ZFIN ID: ZDB-PUB-070625-9
Replacement of Buried Cysteine from Zebrafish Cu/Zn Superoxide Dismutase and Enhancement of Its Stability via Site-Directed Mutagenesis
Ken, C.F., Lin, C.T., Wen, Y.D., and Wu, J.L.
Date: 2007
Source: Marine biotechnology (New York, N.Y.)   9(3): 335-342 (Journal)
Registered Authors: Wu, Jen-Leih
Keywords: Cu/Zn superoxide dismutase, I-Mutant 2.0, oxidative stress, site-direct mutagenesis, thermostability
MeSH Terms:
  • Amino Acid Sequence
  • Animals
  • Cysteine/genetics*
  • Enzyme Stability
  • Gene Expression Regulation, Enzymologic
  • Hot Temperature
  • Larva/drug effects
  • Mutagenesis, Site-Directed*
  • Paraquat/toxicity
  • Superoxide Dismutase/chemistry*
  • Superoxide Dismutase/genetics*
  • Zebrafish*/genetics
PubMed: 17549562 Full text @ Mar. Biotechnol.

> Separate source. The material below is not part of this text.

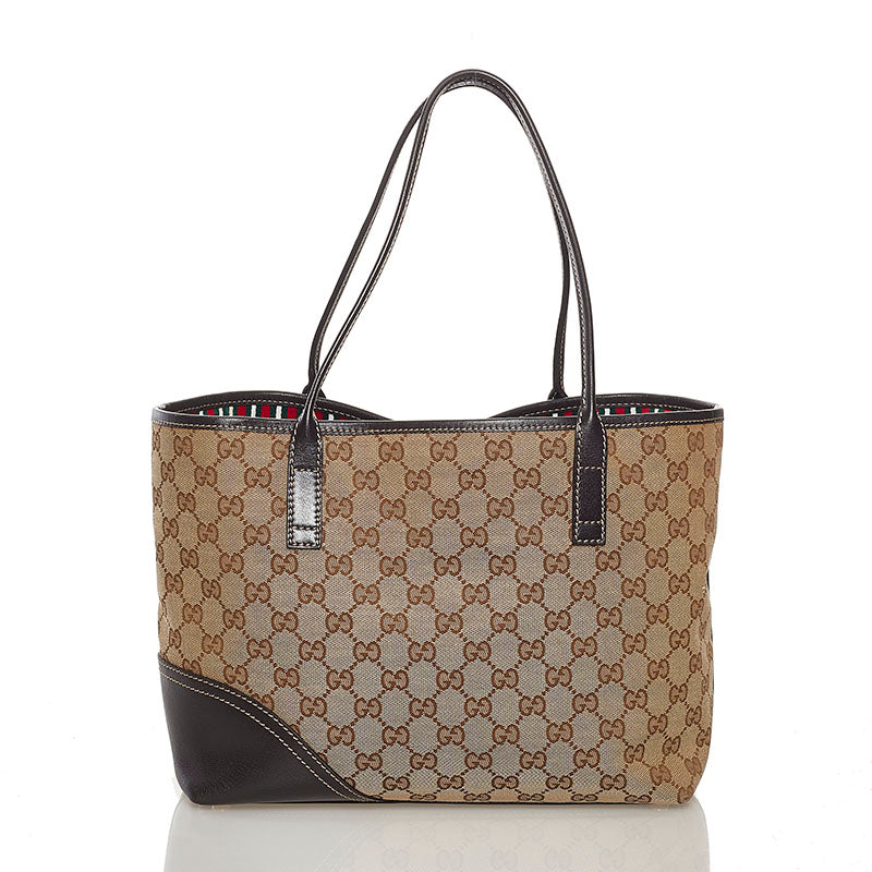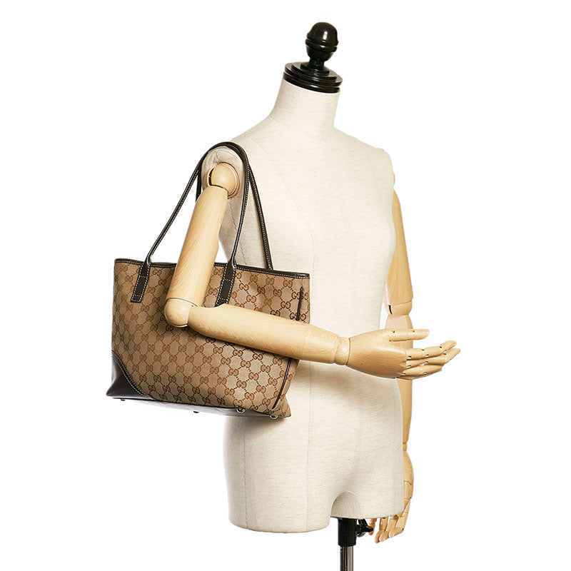 グッチ GGキャンバス インターロッキングG トートバッグ 169946 ベージュ ブラウン キャンバス レザー レディース GUCCI 【中古】

Zebrafish Cu/Zn-superoxide dismutase (ZSOD1) has one free cysteine (Cys-7) in a first beta-strand with lower thermostability. We predicted the stability would be increased with single-point mutation at 70 degrees C via the I-Mutant 2.0 server, and generated a mutant SOD with replacement of the free Cys to Ala (ZSODC7A) by site-directed mutagenesis. The mutant was expressed and purified from the Escherichia coli strain AD494(DE3)pLysS and the yield was 2 mg from 0.4 L of culture. The ZSODC7A was heated at 90 degrees C. In a time-dependent assay, the time interval for 50% inactivation was 32 min, and its thermal inactivation rate constant K (d) was 2 x 10(-2) min(-1). The mutant was still activated in broad pH range (2.3-12), and had only a moderate effect under sodium dodecyl sulfate treatment. The calculated specific activity of the mutant was 3980 U/mg, twice that of wild-type ZSOD1. In addition, we soaked fish larva with equal enzyme units of either ZSOD1 or ZSODC7A for 2 h, and then stressed them with 100 ppm of paraquat to induce oxidative injury. The survival rate was significant.